• Data provided:
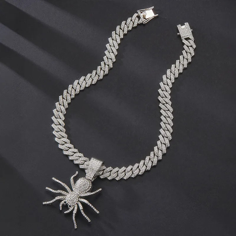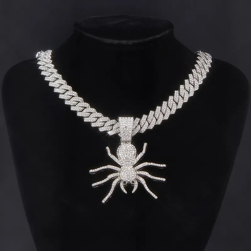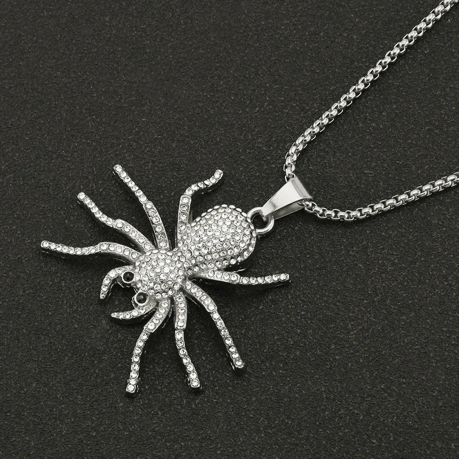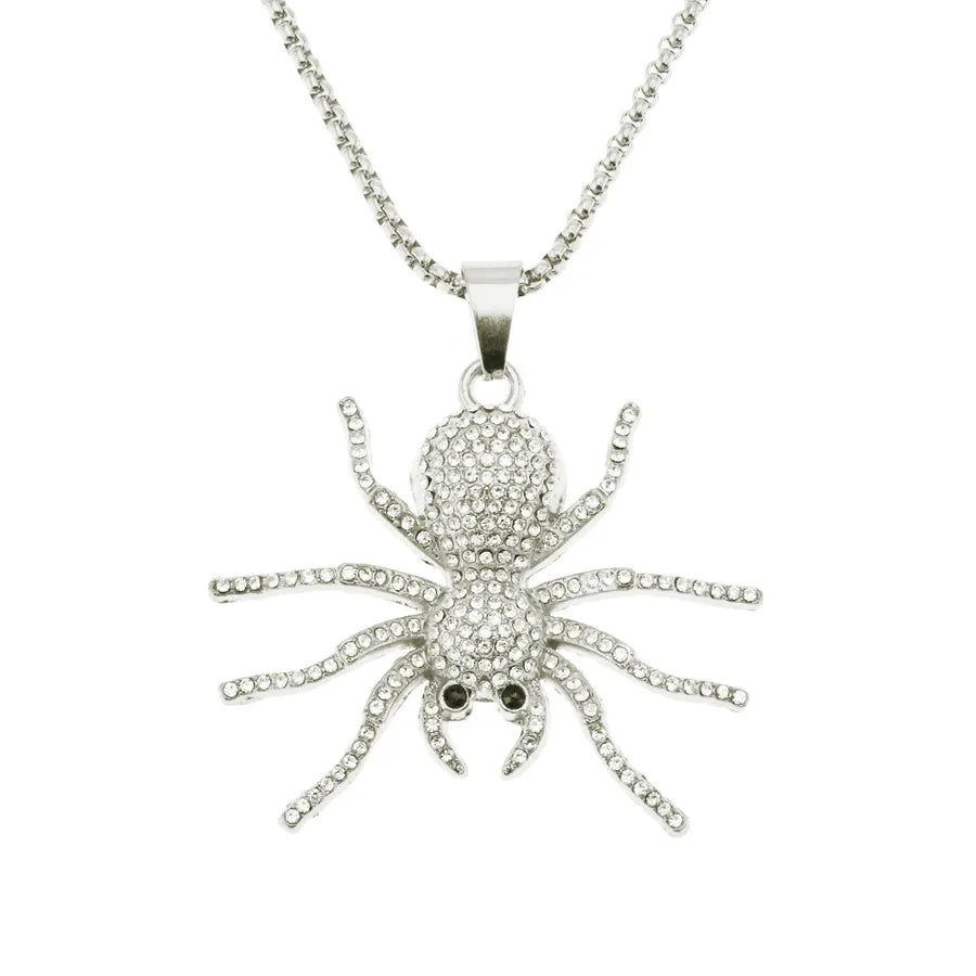 Hip-Hop Rock Spider Rhinestones Alloy Pendant Necklaces Halloween Wholesale - Silver
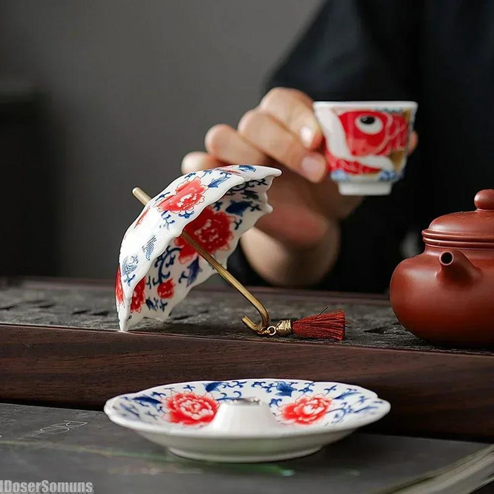 Creative Blue & White Umbrellas Tea Strainers Ornaments Ceramic Tea Filters Chinese Style Accessories Tea Table Decoration Gifts
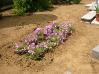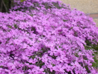 | 子世帯の玄関前は日当たりがあまりよくないのですがだいぶ芝桜は咲き始めました。 | |

• Work to be completed: Skipping the pictures, transcribe each line above exactly as it appears.

• Result of this task:
 Hip-Hop Rock Spider Rhinestones Alloy Pendant Necklaces Halloween Wholesale - Silver
 Creative Blue & White Umbrellas Tea Strainers Ornaments Ceramic Tea Filters Chinese Style Accessories Tea Table Decoration Gifts
 | 子世帯の玄関前は日当たりがあまりよくないのですがだいぶ芝桜は咲き始めました。 | |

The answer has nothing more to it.